If we define \(\mathfrak {I}_{{\mathfrak {s}}}\) in this way, we may say that the global inaccuracy measure is generated from \({\mathfrak {s}}\). As it is easy to see, \(\mathfrak {I}_{{\mathfrak {s}}}\) is an additive inaccuracy measure, for the inaccuracy of c is the sum of the inaccuracies of individual credences that c assigns to the propositions in \({\mathcal {F}}\). Given an additive and strictly properFootnote 14\(\mathfrak {I}_{{\mathfrak {s}}}\), we can define the expected global inaccuracy of \(c_{\lambda }\) from the standpoint of c as follows:

$$\begin{aligned} \mathbb {E}_{c}\left[ \mathfrak {I}_{{\mathfrak {s}}}\left( c_{\lambda },w \right) \right] = \sum _{w \in {\mathcal {W}} } c \left( \left\{ w \right\} \right) \cdot \mathfrak {I}_{{\mathfrak {s}}}\left( c_{\lambda },w \right) . \end{aligned}$$
(21)

Specifically, Leitgeb and Pettigrew adopt the Brier score, i.e. a global inaccuracy measure generated from the quadratic scoring rule \(\mathfrak {q}_{X}\):

$$\begin{aligned} \mathfrak {B}\left( c,w \right) = \sum _{X \in {\mathcal {F}}} \mathfrak {q}_{X}\left( w\left( X \right) , c\left( X\right) \right) . \end{aligned}$$
(22)

Secondly, suppose that you are governed by the following norm: you should adopt the posterior credence function that satisfies constraints given by the \(c_{\lambda }\left( E\right) \)’s for all \(E \in {\mathcal {E}}\), and is minimal amongst the posterior credence functions thus constrained with respect to expected global inaccuracy given by

$$\begin{aligned} \mathbb {E}_{c}\left[ \mathfrak {B}\left( c_{\lambda },w \right) \right] = \sum _{w \in {\mathcal {W}} } c \left( \left\{ w \right\} \right) \cdot \mathfrak {B}\left( c_{\lambda },w \right) . \end{aligned}$$
(23)

Then, Leitgeb and Pettigrew show that the posterior credence that satisfies the above norm does not result from JCondi, but is mandated by LPCondi. So, again, if your goal is to minimize expected global inaccuracy, you should not update by JCondi.

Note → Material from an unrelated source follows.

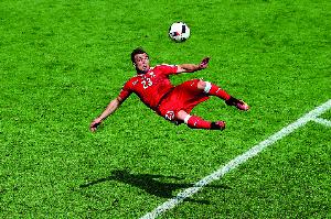這“特別的事”便是一記精彩絕倫的倒掛金鉤——他用左腳完美地迎球抽射,皮球直掛球門死角,彈地后越過波蘭門將法比安斯基的指尖,應(yīng)聲入網(wǎng)。
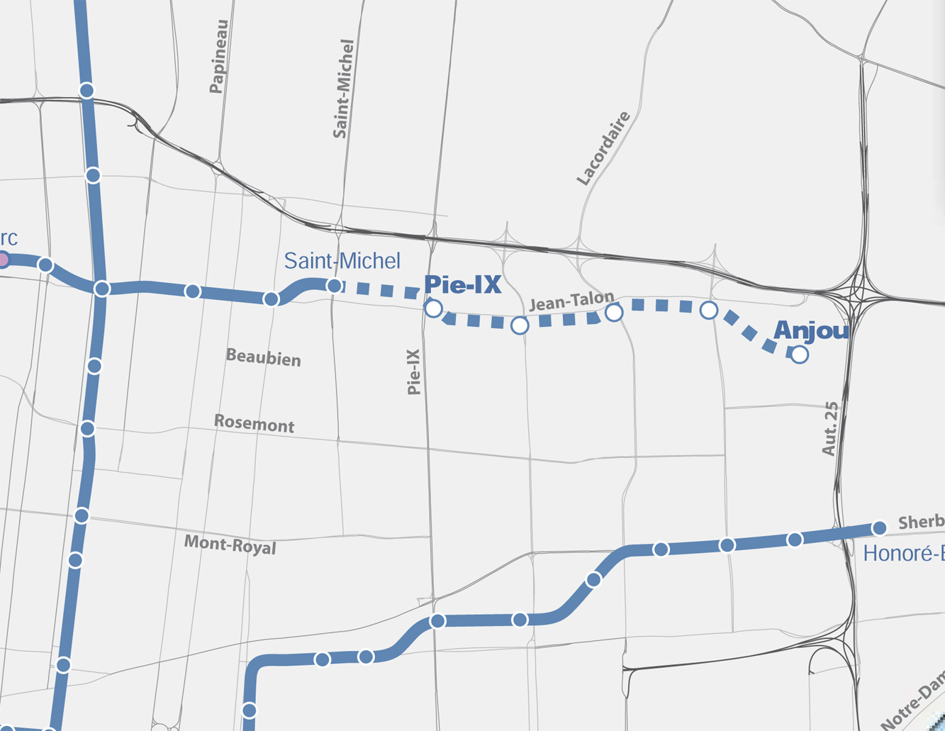 Parmi les aspects techniques, le prolongement vers Anjou compte deux stations intermodales (contre une seule à Laval), plus d’édicules secondaires (+93M$), un garage plus grand (+257M$), un centre d’attachement des trains qui n’était pas nécessaire à Laval (+112M$) et des contraintes techniques liées aux travaux en milieu urbain (+89M$).

Is there any way to salvage the idea of inaccuracy minimization for the case of JCondi? Levinstein (2012) has suggested that this could be achieved if we replace the Brier score with the following logarithmic global inaccuracy measure:

$$\begin{aligned} \mathfrak {L}\left( c,w \right) = - ln \ c\left( \left\{ w \right\} \right) . \end{aligned}$$
(24)

More precisely, \(\mathfrak {L}\) takes the inaccuracy of a credence function c at world w to be the negative of the natural logarithm, ln, of the credence it assigns to w. Armed with the inaccuracy measure \(\mathfrak {L}\), Levinstein has shown that one’s probabilistic posterior credence function recommended by JCondi satisfies constraints given by the \(c_{\lambda }\left( E\right) \)’s for all \(E \in {\mathcal {E}}\) and minimizes expected global inaccuracy given by

$$\begin{aligned} \mathbb {E}_{c}\left[ \mathfrak {L}\left( c_{\lambda },w \right) \right] = \sum _{w \in {\mathcal {W}} } c \left( \left\{ w \right\} \right) \cdot \mathfrak {L}\left( c_{\lambda },w \right) . \end{aligned}$$
(25)

However, this accuracy-based vindication of JCondi has a number of complications. First, \(\mathfrak {L}\) is not generated from a strictly proper scoring rule, and hence is not itself strictly proper. But without a strictly proper scoring rule, neither an expected-accuracy argument for BCondi (Greaves and Wallace 2006) nor an accuracy-dominance argument for BCondi (Briggs and Pettigrew 2020) can be established. Thus, if we adopt \(\mathfrak {L}\), we rule out at least two well-trodden accuracy-based justifications of the most popular updating rule, BCondi. Second, \(\mathfrak {L}\) is not additive, for it only considers credences assigned to singleton propositions \(\left\{ w \right\} \), and says nothing about credences in the more coarse-grained propositions in \({\mathcal {F}}\). Consequently, this measure cannot distinguish between probabilistic and non-probabilistic credence functions, and hence cannot be used to establish the accuracy-dominance argument for probabilism, i.e. the norm which says that one’s credences ought to be probabilities.Footnote 15 Thus, it appears that \(\mathfrak {L}\) is hardly defensible.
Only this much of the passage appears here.